An embodiment of the present invention will be described below based on the drawings. FIG. 1 is a longitudinal sectional view of an SOCl ₂ /Li battery having a diameter of 14 mmφ and a height of 29 mm, using a lithium negative electrode whose surface is covered with a polyether sulfon film according to the present invention. 1 in the figure is a positive electrode case made of SuS304.
2 is a positive electrode current collector made of Teflon and acetylene black, 3 is a separator made of glass non-woven fabric, 4 is a lithium negative electrode 5 of the present invention is a negative electrode lead made of nickel, and 6 acts as a positive electrode active material and also acts as an electrolyte. Thionyl chloride containing 1.5M LiAlCl ₄ , 7 is a negative electrode terminal made of SuS304, the tip which also serves as a liquid injection pipe is melt-sealed, and the case lid 8 made of SuS304 is insulated by a glass layer 9 and hermetically sealed. It has been sealed.

FIG. 2 is an enlarged cross-sectional view of a lithium negative electrode according to the present invention, in which the outer surface of lithium 10 is coated with polyethersulfon 11, and the electrode is placed in a 5% methylene chloride solution of polyethersulfon in a dry box. It was obtained by a simple operation of immersing lithium in water and immediately pulling it up and drying it.

The polyether sulfon coating can be easily formed by immersing lithium in a polyether sulfon solution of any concentration dissolved in methylene chloride and then drying it. Because it has poor hygroscopic adhesive properties, it can usually be prepared in the atmosphere and is extremely easy to handle.

Next, when SOCl ₂ /Li battery A based on this example and battery B made using completely untreated lithium were stored at 60°C for 10 days, the load was 1KΩ.
Figure 3 shows a comparison of the initial discharge characteristics when discharged at a temperature of 25°C. As is clear from this, the battery according to the present invention has no voltage delay at the initial stage of discharge and exhibits good start-up characteristics.
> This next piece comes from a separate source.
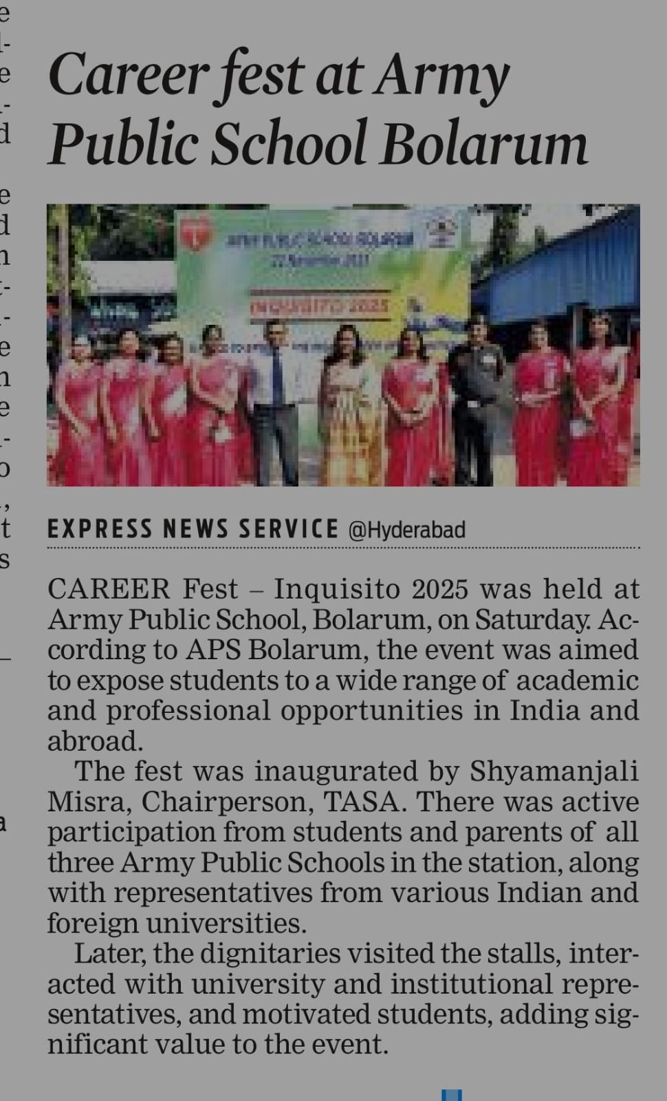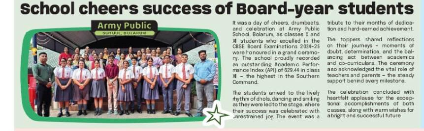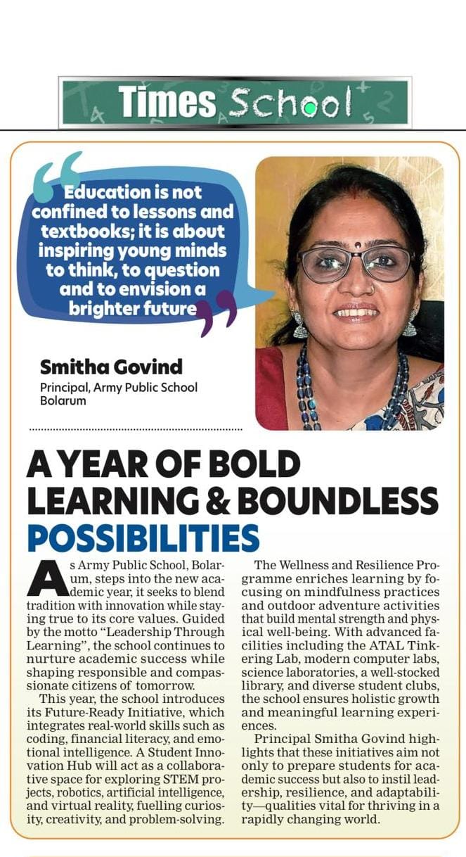 APS Bolarum is much more than a cluster of buildings of brick and mortar. It is a creative, innovative and dynamic place of learning where characters are built by touching hearts, enriching minds and nurturing talents. It is our constant endeavor to make education a purposeful, enriching and enjoyable experience for our students.

In addition, in order to indirectly investigate the relationship between the film thickness and the effect of polyether sulfon, we varied the concentration of polyether sulfon in methylene chloride solution in the range of 5% to 40%, immersed and dried lithium, and applied various types of polyether sulfon to the surface. A battery having a structure based on this example was prepared by forming a thick polyether sulfon layer, and the same test as described above was conducted to examine the voltage delay.

The results are shown in Figure 4. Voltage delay suppressing effects were observed over the entire range, but 5% is particularly preferable.
The concentration range was ~15%.

From this, it seems that there is some relationship between the thickness of the polyether sulfon coating and the voltage delay suppressing effect, but since the protection mechanism of polyether sulfon itself for lithium in thionyl chloride is not clear, I don't know what happened.

However, it is obvious that the voltage delay suppressing effect of polyether sulfon is obvious regardless of the coating thickness.

As is clear from the above, the present invention easily provides an SOCl ₂ /Li battery without voltage delay,
Its industrial value is extremely large.

[Brief explanation of the drawing]

Figure 1 shows a sample using lithium according to the present invention.
Longitudinal cross-sectional view of SOCl ₂ /Li battery. FIG. 2 is an enlarged partial cross-sectional view of lithium with a polyether sulfon coating according to the present invention. FIG. 3 shows the discharge curves of battery A according to the present invention and conventional battery B. Figure 4 shows the concentration of polyether sulfone in methylene chloride solution and 30
Correlation diagram of second voltage. 4...Lithium negative electrode, 10...Lithium, 11
...Polyether sulfon.

Claims (1)

[Claims] 1. A thionyl chloride lithium battery characterized by using lithium whose surface is coated with polyether sulfone resin as a negative electrode active material.